Mueser K T, Sayers S L, Schooler N R, Mance R M, Haas G L
Department of Psychiatry, Medical College of Pennsylvania, Eastern Pennsylvania Psychiatric Institute.
Am J Psychiatry. 1994 Oct;151(10):1453-62. doi: 10.1176/ajp.151.10.1453.
The Scale for the Assessment of Negative Symptoms is a widely used instrument for measuring negative symptoms in schizophrenia, but few studies have examined its reliability. This study examined the interrater, internal, and test-retest reliabilities of the scale and its factor structure in the context of a multisite study.
Two hundred seven patients with schizophrenia who were participating in the Treatment Strategies in Schizophrenia study were assessed with the Scale for the Assessment of Negative Symptoms following a symptom exacerbation and again 3-6 months later. All assessments were performed by trained psychiatrists who were treating the patients.
Interrater reliabilities ranged from low to high for the items on the Scale for the Assessment of Negative Symptoms but were statistically significant in most cases. Most correlations between individual items and subscale total scores were moderate to high, as were coefficient alphas for each subscale, indicating adequate internal consistency. Test-retest correlations were of moderate magnitude. Few differences in reliability statistics between sites were found, although differences in mean scale ratings between sites were present. A factor analysis indicated three factors corresponding to the Affective Flattening or Blunting subscale, the Avolition-Apathy and Anhedonia-Asociality subscales, and the Alogia and Inattention subscales.
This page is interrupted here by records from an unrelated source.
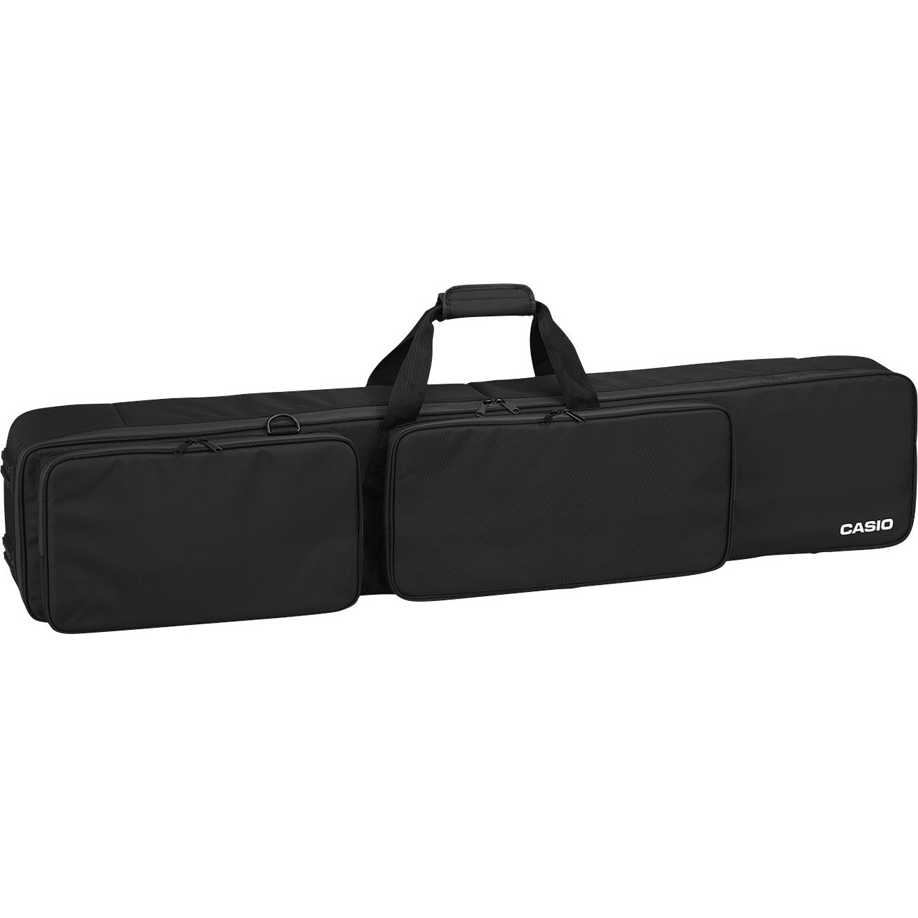 Casio SC-800P - это фирменный водонепроницаемый чехол для цифровых пианино. Данный чехол отличается прочностью и лаконичностью. Возможны три варианта носки - в руках, через плечо и на спине (в качестве рюкзака). Чехол выполнен из глянцевой черной нейлоновой ткани, оснащен двумя карманами для хранения педального блока/педали сустейн, нотной тетради, подставки для нот и адаптера. Легок и удобен в использовании. Оборудован чехол надежной ручкой длиной 50 см и пятью нескользящими резиновыми ножками. Инструмент без проблем можно транспортировать в дождливую погоду: чехол выполнен из водонепроницаемой ткани, а молния обладает водоотталкивающим эффектом. Изнутри инструмент также защищен, благодаря толстому прокладочному материалу.
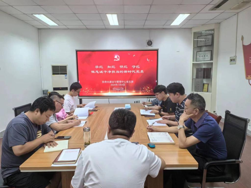 2024年7月4日上午九点,信息化建设与管理中心党支部开展纪律党课活动。支部全体党员参加,教辅总支书记韩宏军参加此次党课,信息中心党支部书记李亮主持活动。
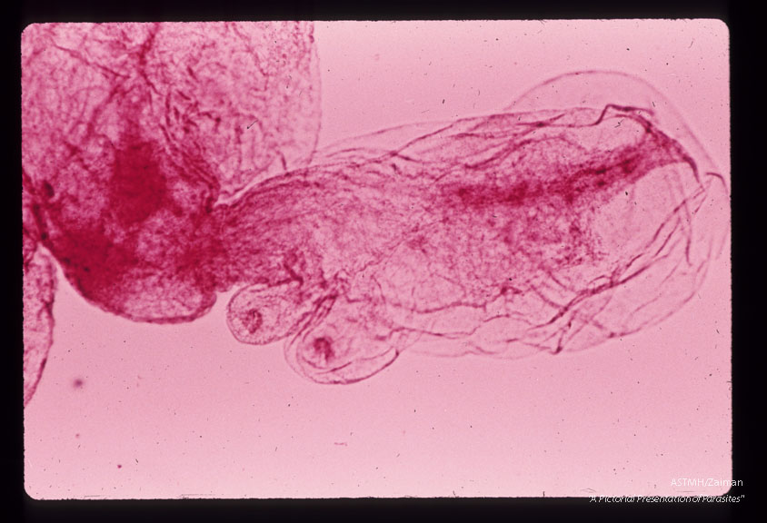 Description: A 32 month old white male in South Dakota suffered progressive lassitude, anorexia, irritability, incoordination and infrequent vomiting. A suboccipital craniotomy was performed during which a grape-like mass of translucent thin wall cysts was discovered and partially evacuated with difficulty. Subsequently patient developed flexion rigidity of the extremities, non-reactive pupils and decreased consciousness. A sinus tract at the operative site con­tained more cysts. The patient died three months after the onset of symptoms. Cyst wall with two scolices in field.
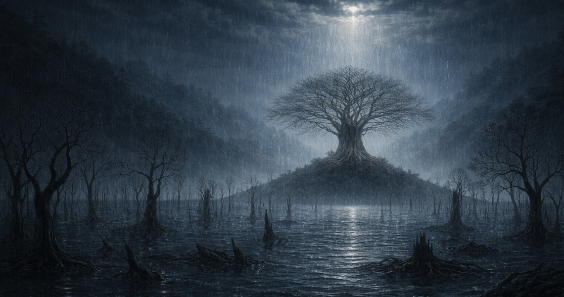 When heaven lost its only child, the first drop of its tear fell upon a Kiquawa tree on a hill. Then it turned into rain that would never end. It rained and rained upon all the creatures of the earth. Day turned into night, and the earth turned into the sea, at the bottom of which the drowned forest stood silently, like a wingless bird without a singing voice.
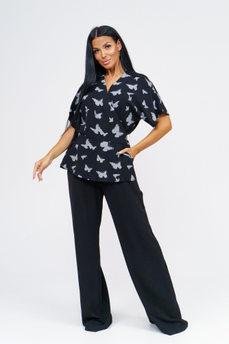 Костюм женский двойка состоит из туники свободного кроя и брюк на резинке. Туника имеет стойку на горловине и рукава длиной до запястья, обеспечивая теплую защиту для вашего верхнего тела. А брюки в стиле палаццо добавляют дополнительный комфорт и свободу движений.
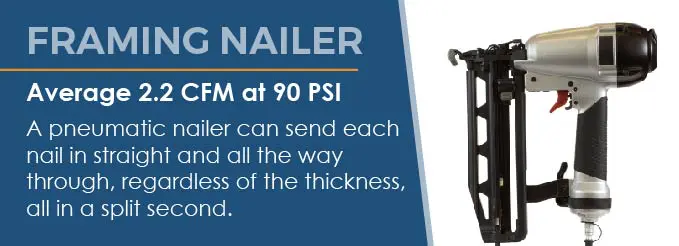 Framing nailers require air pressures of an average of 2.2 CFM at 90 PSI.
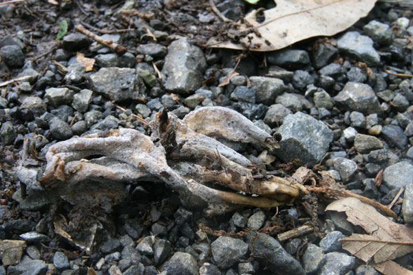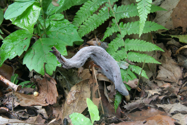 10センチほどの背丈、表面はビロード状というかカビに侵されているようにも見える。 毎年歩道脇に発生する。 先端は黒く細い

The results suggest that the Scale for the Assessment of Negative Symptoms has good reliability and is a useful instrument for the measurement of negative symptoms in multisite clinical studies. The internal reliability of the Alogia, Avolition-Apathy, and Inattention subscales could be improved by replacing some items and including additional items.
阴性症状评估量表是用于测量精神分裂症阴性症状的一种广泛使用的工具,但很少有研究检验其信度。本研究在多中心研究背景下检验了该量表的评分者间信度、内部信度、重测信度及其因子结构。
207例参与精神分裂症治疗策略研究的精神分裂症患者在症状加重时接受阴性症状评估量表评估,并在3至6个月后再次评估。所有评估均由治疗这些患者的经过培训的精神科医生进行。
阴性症状评估量表各项目的评分者间信度从低到高不等,但在大多数情况下具有统计学意义。单个项目与分量表总分之间的大多数相关性为中度到高度,各分量表的α系数也是如此,表明内部一致性良好。重测相关性为中等程度。尽管各中心之间量表平均评分存在差异,但在信度统计方面几乎没有发现差异。一项因子分析表明有三个因子,分别对应情感平淡或迟钝分量表、意志缺乏-淡漠和快感缺失-社交退缩分量表、言语贫乏和注意力不集中分量表。
结果表明,阴性症状评估量表具有良好的信度,是多中心临床研究中测量阴性症状的有用工具。通过替换一些项目并增加其他项目,可以提高言语贫乏、意志缺乏-淡漠和注意力不集中分量表的内部信度。